• [Extracted entries]:
== == ==
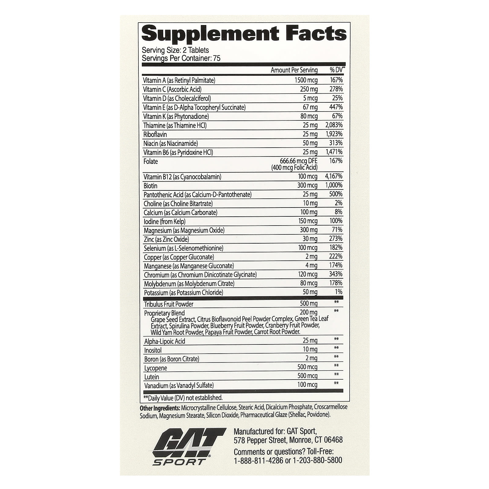 Mens Multi+Test — это комплекс витаминов, минералов и энергетических мультивитаминов с добавлением ингредиента для мужской силы — якорцов стелющихся (Tribulus terrestris). Добавка GAT Mens Multi поможет спортсменам полностью восполнить дефицит питательных веществ, в которых они могут нуждаться, а также предлагает дополнительную поддержку для мужской силы и повышение уровня тестостерона.
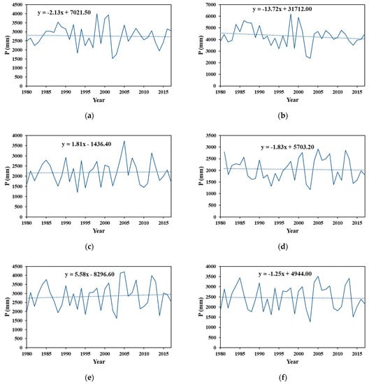 The trend of annual precipitation in northern Taiwan during 1980~2017. (a) Lanyang River Basin. (b) Keelung River Basin. (c) Dahan River Basin. (d) Fengshan River Basin. (e) Youluo River Basin. (f) Shangping River Basin.
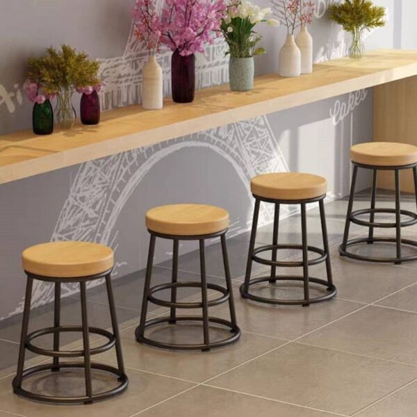 เก้าอี้ ที่นั่งไม้ ขาเหล็ก สไตล์วินเทจ (F01C00268)
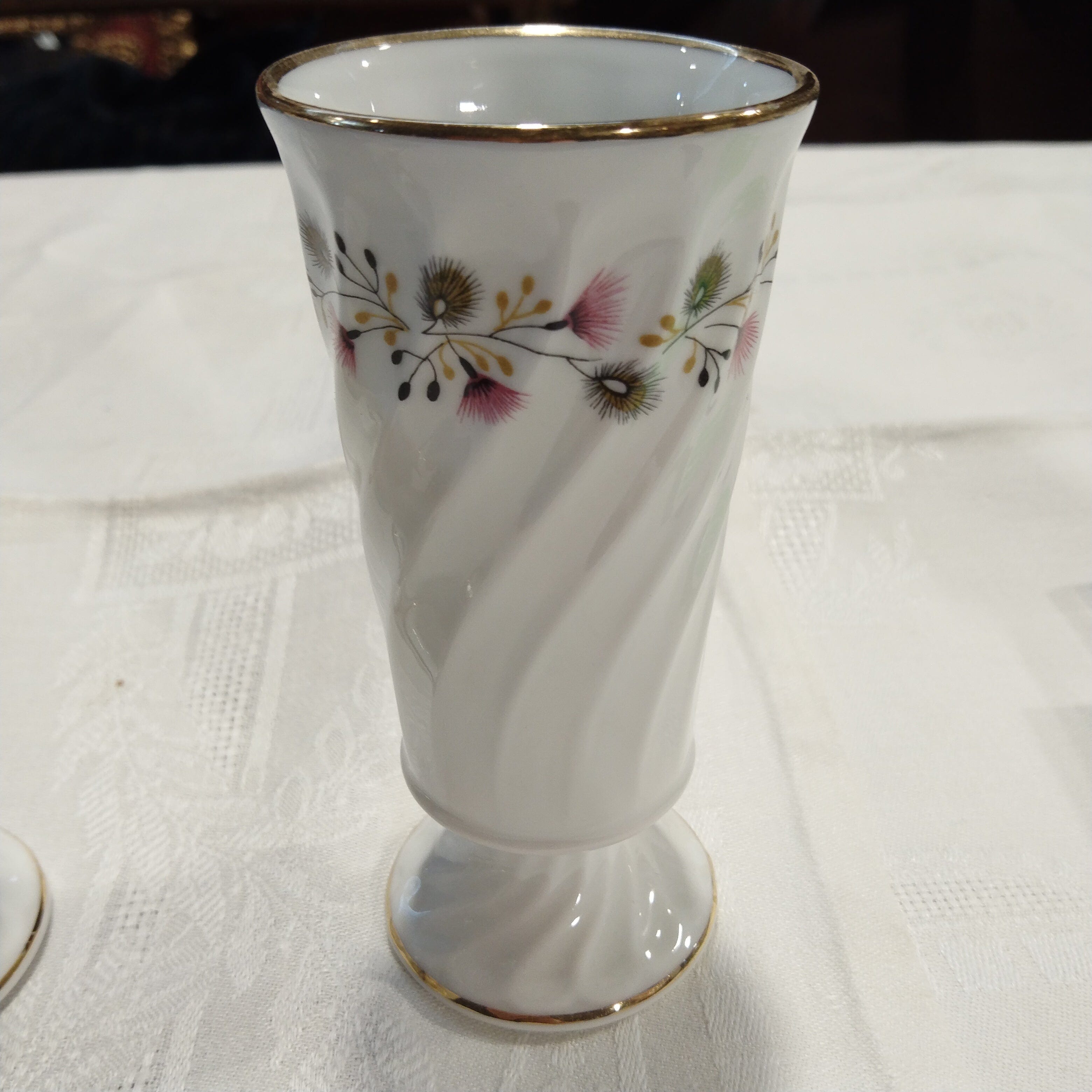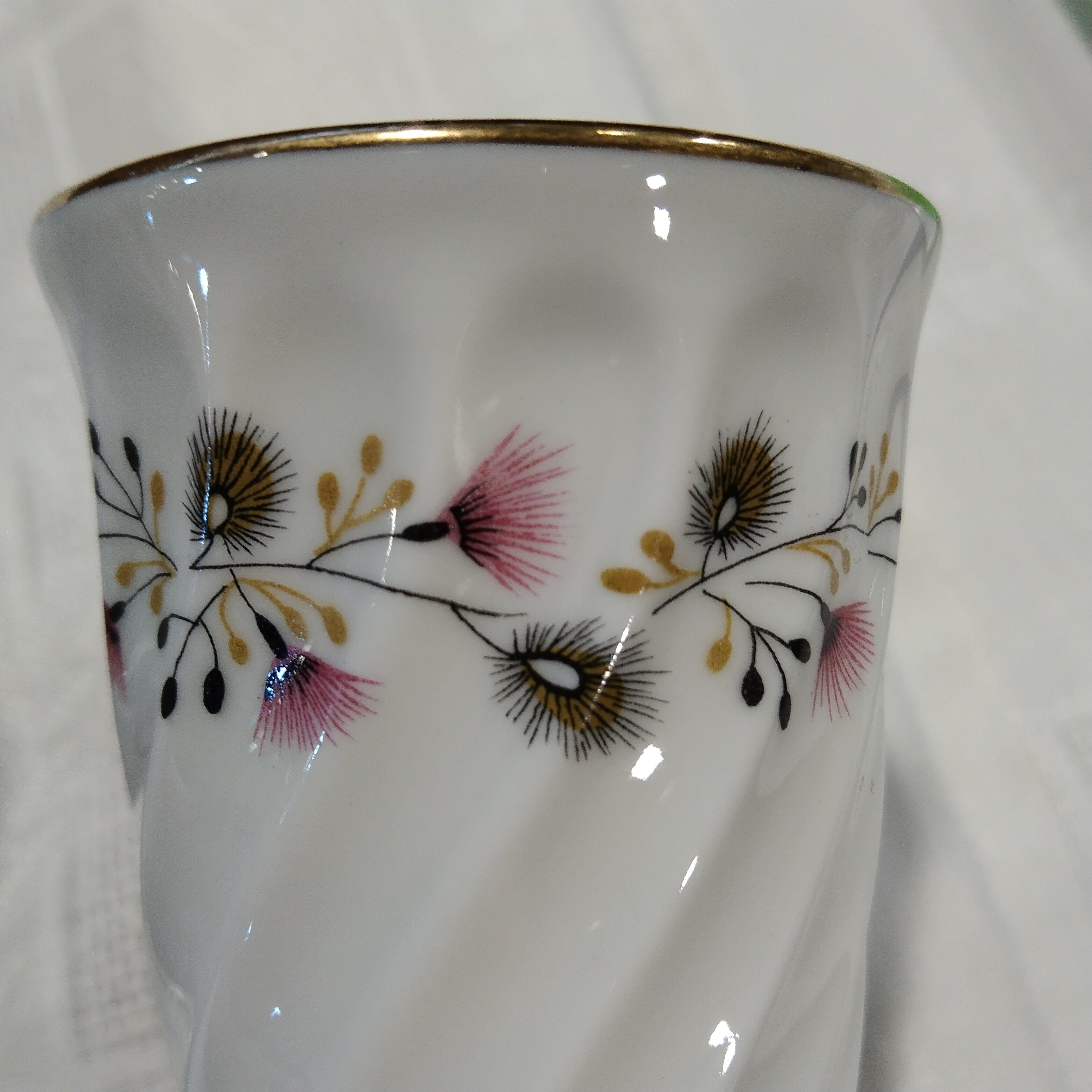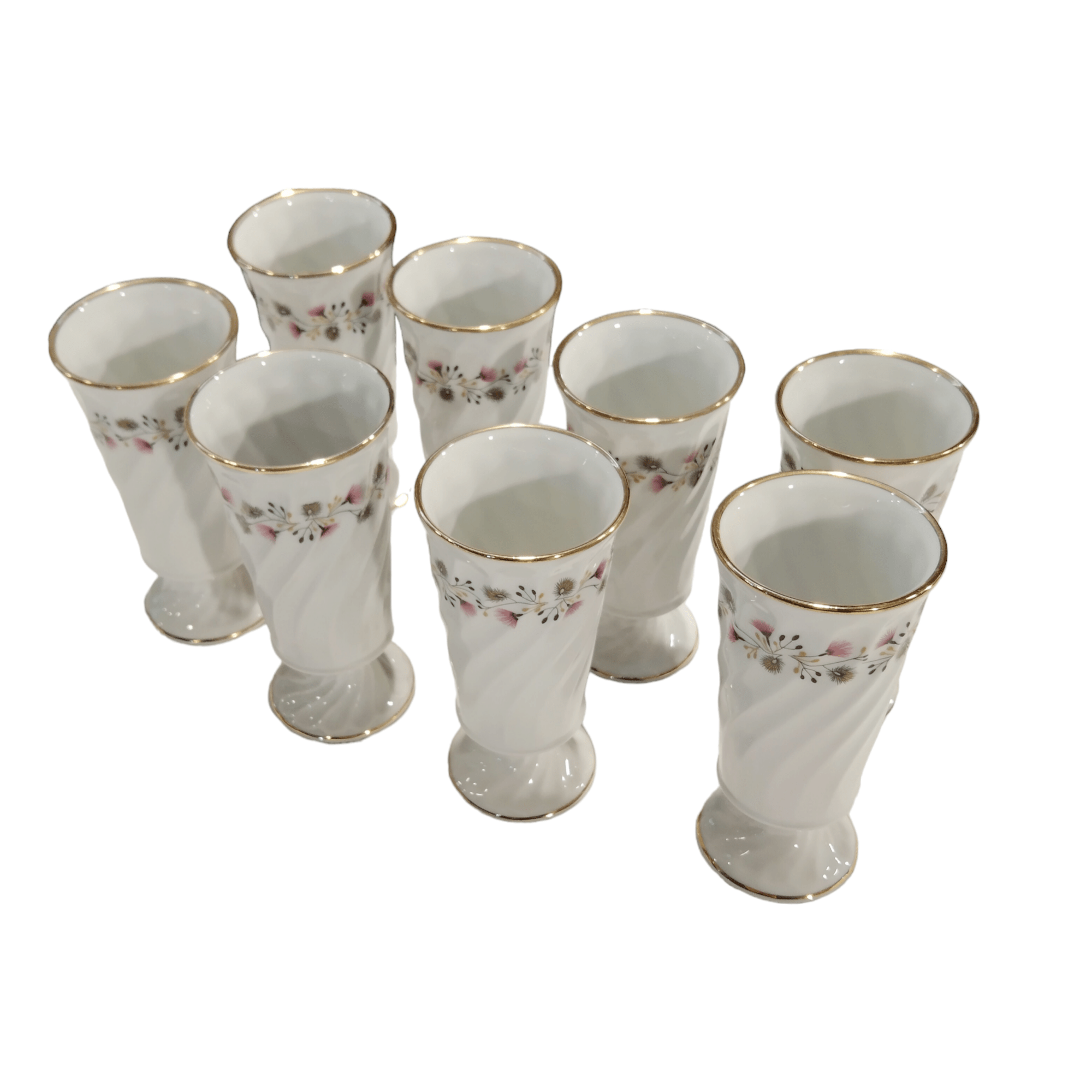 Bellísimo juego de copas de café mazagrán de porcelana francesa Limoges, para 8 personas. Elegante diseño floral con detalles en rosa y dorado.
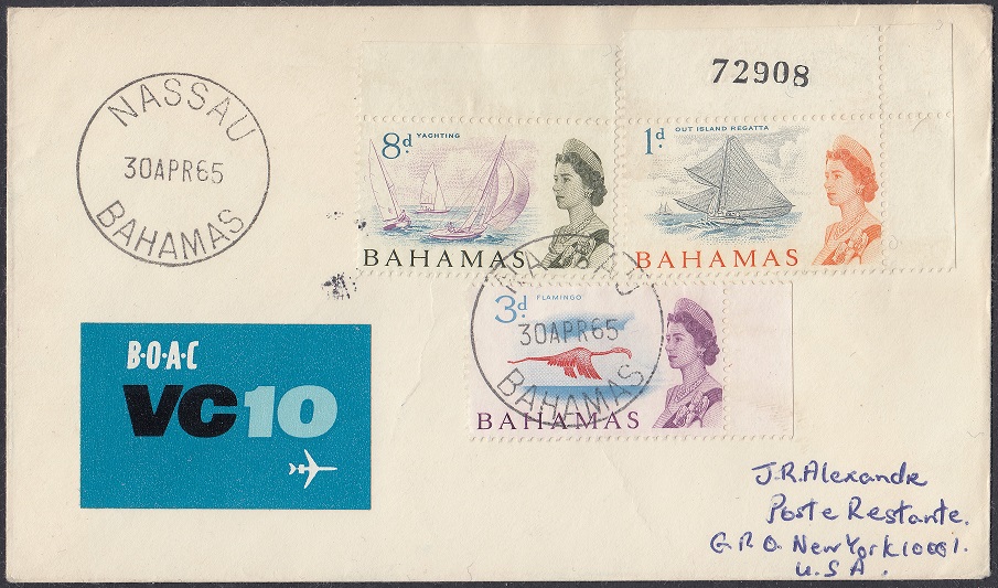 92 covers were postmarked at Nassau for the Nassau-New York first flight on 30 April 1965.
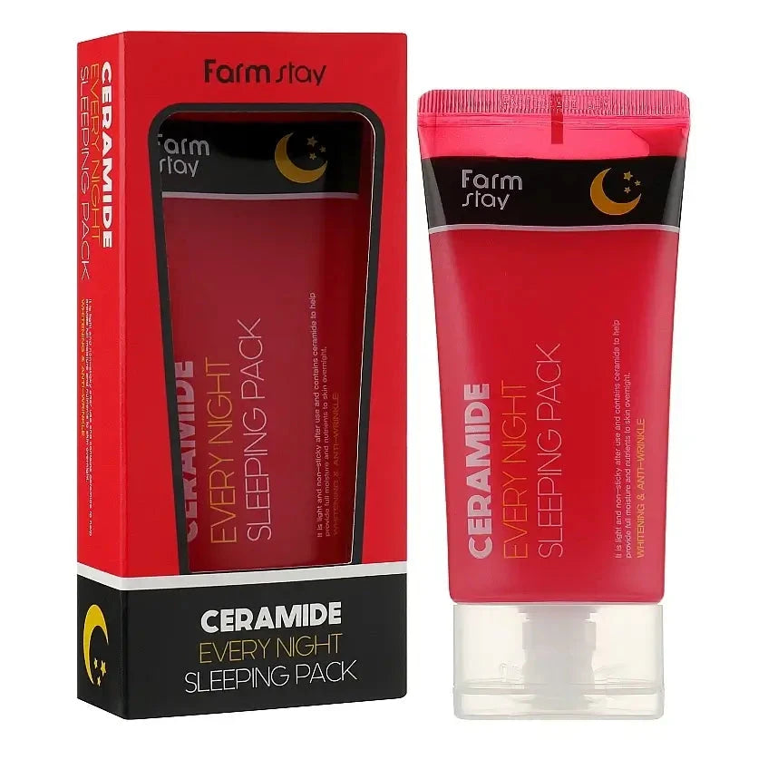 Nakts maska sejai FarmStay Ceramide Every Night Sleeping Pack — naktinė veido kaukė, skirta intensyviam odos drėkinimui ir maitinimui miego metu.
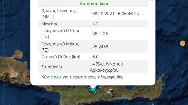 Νέα σισμική δόνηση μεγέθους 3.2 Ρίχτερ σημειώθηκε την Τετάρτη στις 19:06 μ.μ., σε απόσταση 4 χλμ. νότια – νοτιοδυτικά του Αρκαλοχωρίου και με εστιακό βάθος 5 χλμ.
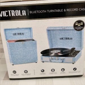 El tocadiscos de maleta portátil Victrola es un clásico absoluto y está repleto de características. Incluye tecnología Bluetooth incorporada para transmitir música de forma inalámbrica desde cualquier dispositivo con Bluetooth , giradiscos de 3 velocidades y conector auxiliar de 3,5 mm para reproducir música desde cualquier dispositivo que no sea Bluetooth .
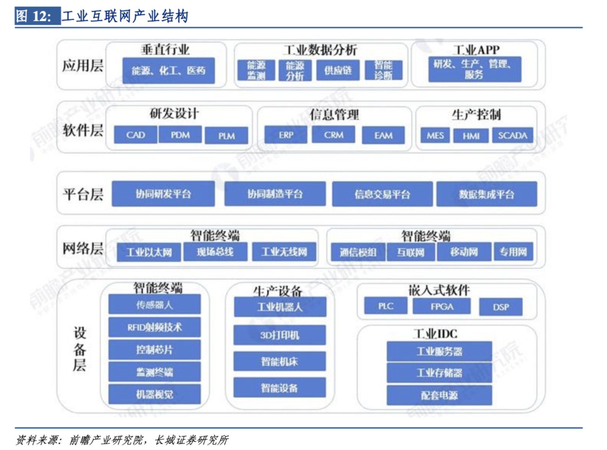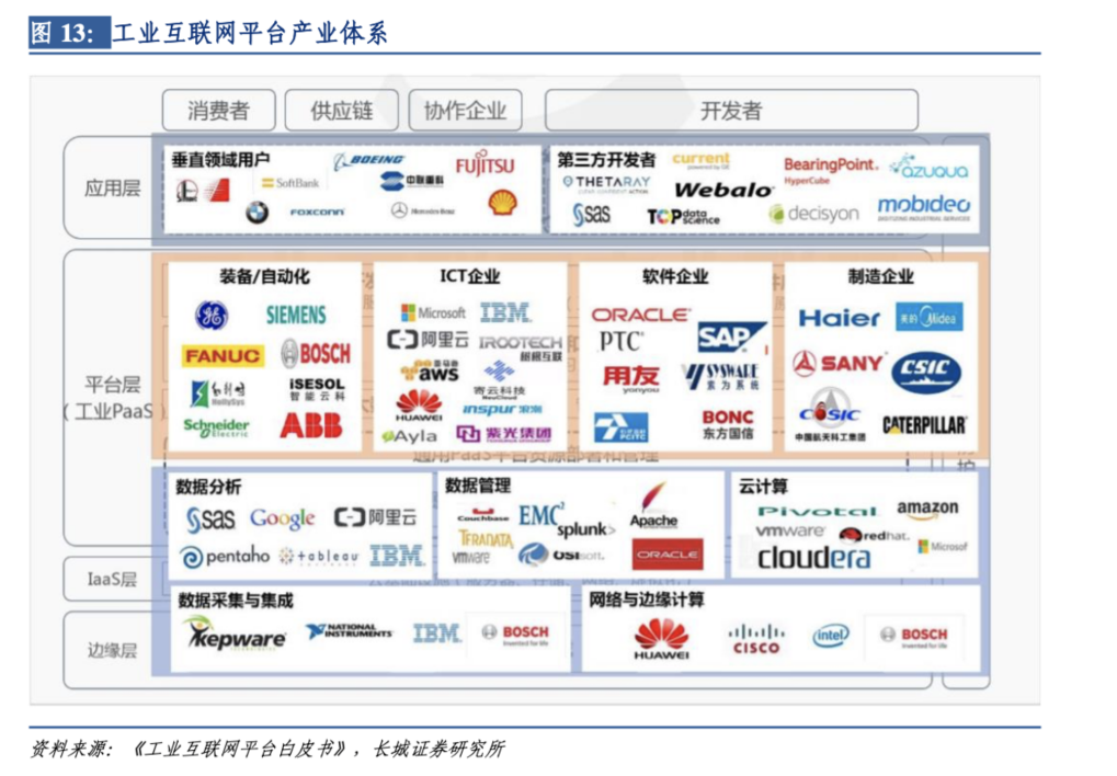 在工业互联网产业链中,上游主要是智能硬件设备和软件的设备提供商,中游为互联网平台,下游是工业互联网应用场景的工业企业。
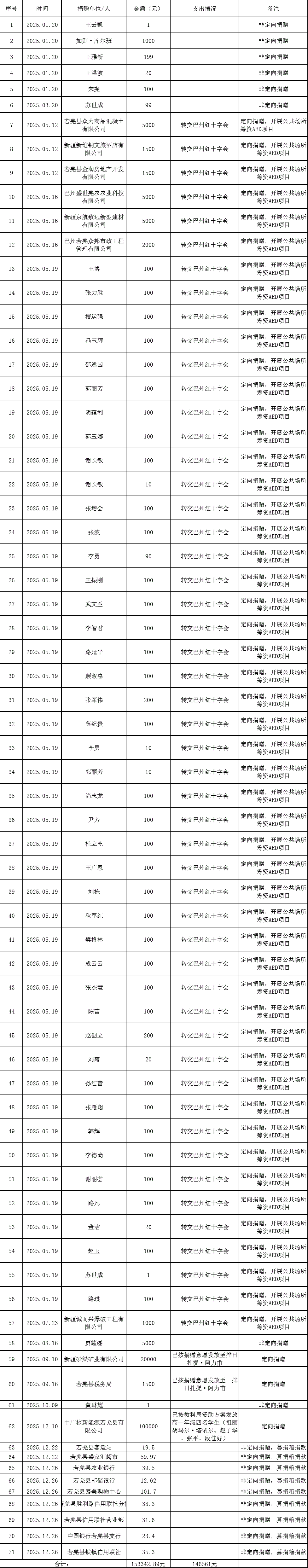 为保障接受捐赠款物过程公开,使用过程透明,若羌县红十字会根据《中华人民共和国公益事业捐赠法》《中华人民共和国红十字会法》等相关法律法规做好捐赠信息公开,接受社会各界监督,现将2025年度接受捐赠款物和使用情况予以公示。
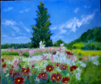 油彩画 コスモスの広場 F10号 (未完) きょう先生のアトリエで描いていた作品です 収録 4日目 朝から先生のアトリエで油彩画を描くところを撮りました 12時に終わり昼食です 取材のみなさんお元気で朝からニンニク風呂からこられたようだ 午後からさいごのインタビューです 椅子に座るとうわさの女優ライトがともる 「うわー まぶしいー」 マイクくんがブルーと黒の布らしきもので覆いました カメラ君がポケットから長い櫛を取り出して 髪をときつけてくれました やさしいおにいちゃんたち ありがとうね そしておしゃべり音痴のさっちゃんは 4日間 やさしいデイレクターさんを困らせてばかりでした人気ブログランキングへクリックお願いします「さっちゃんのお気楽ブログ」のポストカードをご希望の方は 下記「手づくりの店 本郷」さんにお問い合わせください。 ---------------------------------------------------手づくりの店 本郷 〒776-0010徳島県吉野川市鴨島町鴨島233-1Blog : http://ameblo.jp/hongo-blog/TEL : 0883-24-3711E-mail : secchan@brown.plala.or.jp----------------------------------------------------ご訪問ありがとうございます。 「また、あした。」にサインを入れています 手づくりの店本郷までお願いいたします
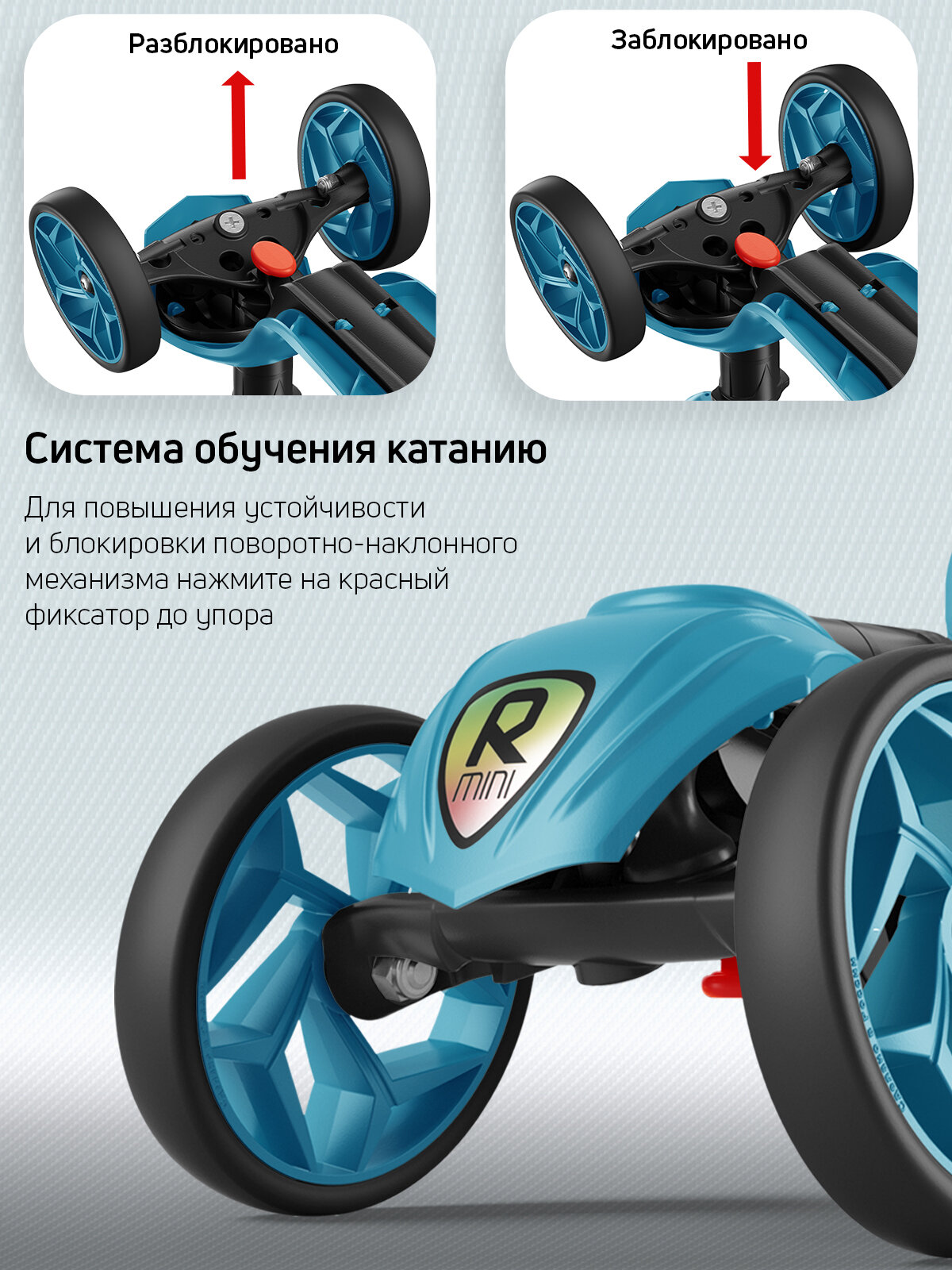 Порадовало , что можно заблокировать поворот руля. Малышке 1.3, только осваиваем самокат, так я за безопасность не переживаю Надеемся, в следующем году будут ещё со светящимся колёсами будут |
== == ==
• [Assignment]:
Repeat only what runs from the first line of the records above to the line with "เก้าอี้ ที่นั่งไม้ ขาเหล็ก", both included, word for word, minus the pictures.

• [Result of this task]:
 Mens Multi+Test — это комплекс витаминов, минералов и энергетических мультивитаминов с добавлением ингредиента для мужской силы — якорцов стелющихся (Tribulus terrestris). Добавка GAT Mens Multi поможет спортсменам полностью восполнить дефицит питательных веществ, в которых они могут нуждаться, а также предлагает дополнительную поддержку для мужской силы и повышение уровня тестостерона.
 The trend of annual precipitation in northern Taiwan during 1980~2017. (a) Lanyang River Basin. (b) Keelung River Basin. (c) Dahan River Basin. (d) Fengshan River Basin. (e) Youluo River Basin. (f) Shangping River Basin.
 เก้าอี้ ที่นั่งไม้ ขาเหล็ก สไตล์วินเทจ (F01C00268)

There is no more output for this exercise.